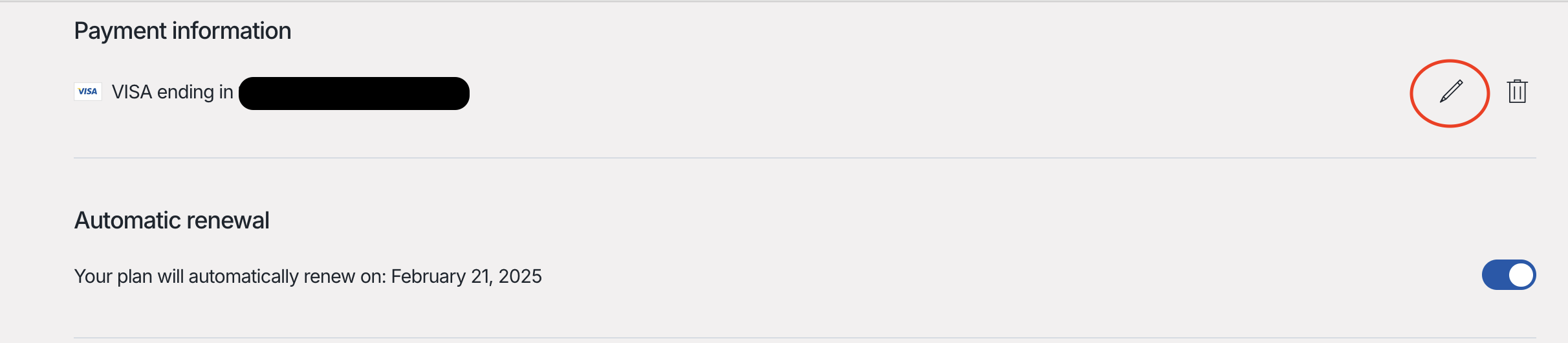 You can change your payment method by clicking on the pencil icon to the right of your payment information. If you delete your payment method and we are unable to process the payment your subscription will revert to the Free Forever plan.
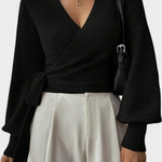 Descubre el suéter Persephone, una pieza distintiva que combina sencillez y carácter moderno. Su diseño de tirantes cruzados aporta un aire único al clásico suéter, mientras que el cuello en V favorece la silueta con sutileza.
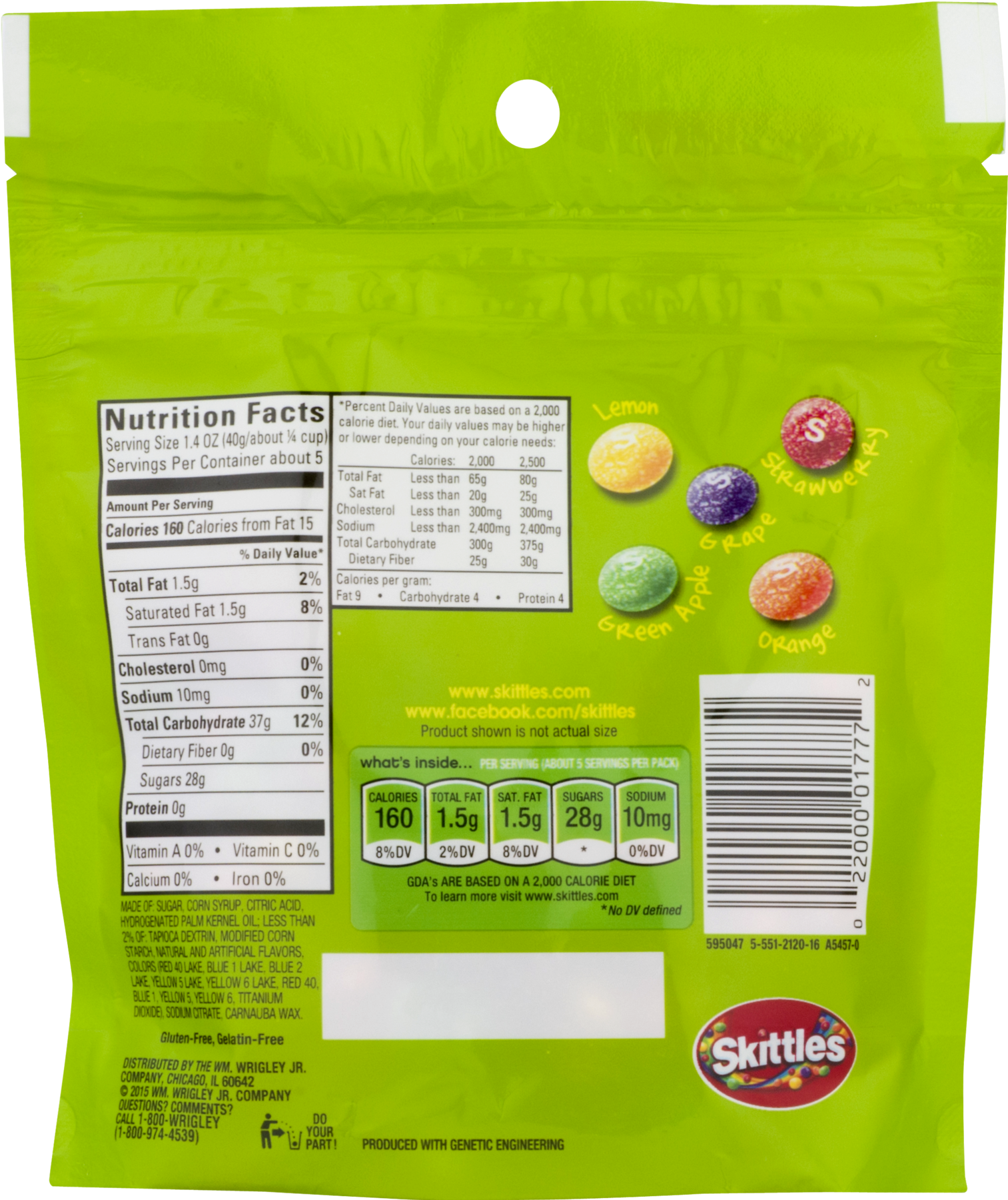 Skittles Original Allergy and Ingredient Information Skittles Original Bite size, chewy candiesGrape, lemon, green apple, orange, and strawberry flavorsGluten free, UPC Code 040000001607 Manufactured by Wm. Wrigley Jr. Company ... Nutrition Label. Nutrition Facts. Serving Size 1.00 package. Amount Per Serving. Calories 250 Calories from Fat 25 % Daily Value* Total Fat 2.5g. 3.84%. Saturated Fat 2 ...

> **What you need to do**: Your copy should match the data exactly, apart from the images, which are dropped.

> **Task answer**:
 You can change your payment method by clicking on the pencil icon to the right of your payment information. If you delete your payment method and we are unable to process the payment your subscription will revert to the Free Forever plan.
 Descubre el suéter Persephone, una pieza distintiva que combina sencillez y carácter moderno. Su diseño de tirantes cruzados aporta un aire único al clásico suéter, mientras que el cuello en V favorece la silueta con sutileza.
 Skittles Original Allergy and Ingredient Information Skittles Original Bite size, chewy candiesGrape, lemon, green apple, orange, and strawberry flavorsGluten free, UPC Code 040000001607 Manufactured by Wm. Wrigley Jr. Company ... Nutrition Label. Nutrition Facts. Serving Size 1.00 package. Amount Per Serving. Calories 250 Calories from Fat 25 % Daily Value* Total Fat 2.5g. 3.84%. Saturated Fat 2 ...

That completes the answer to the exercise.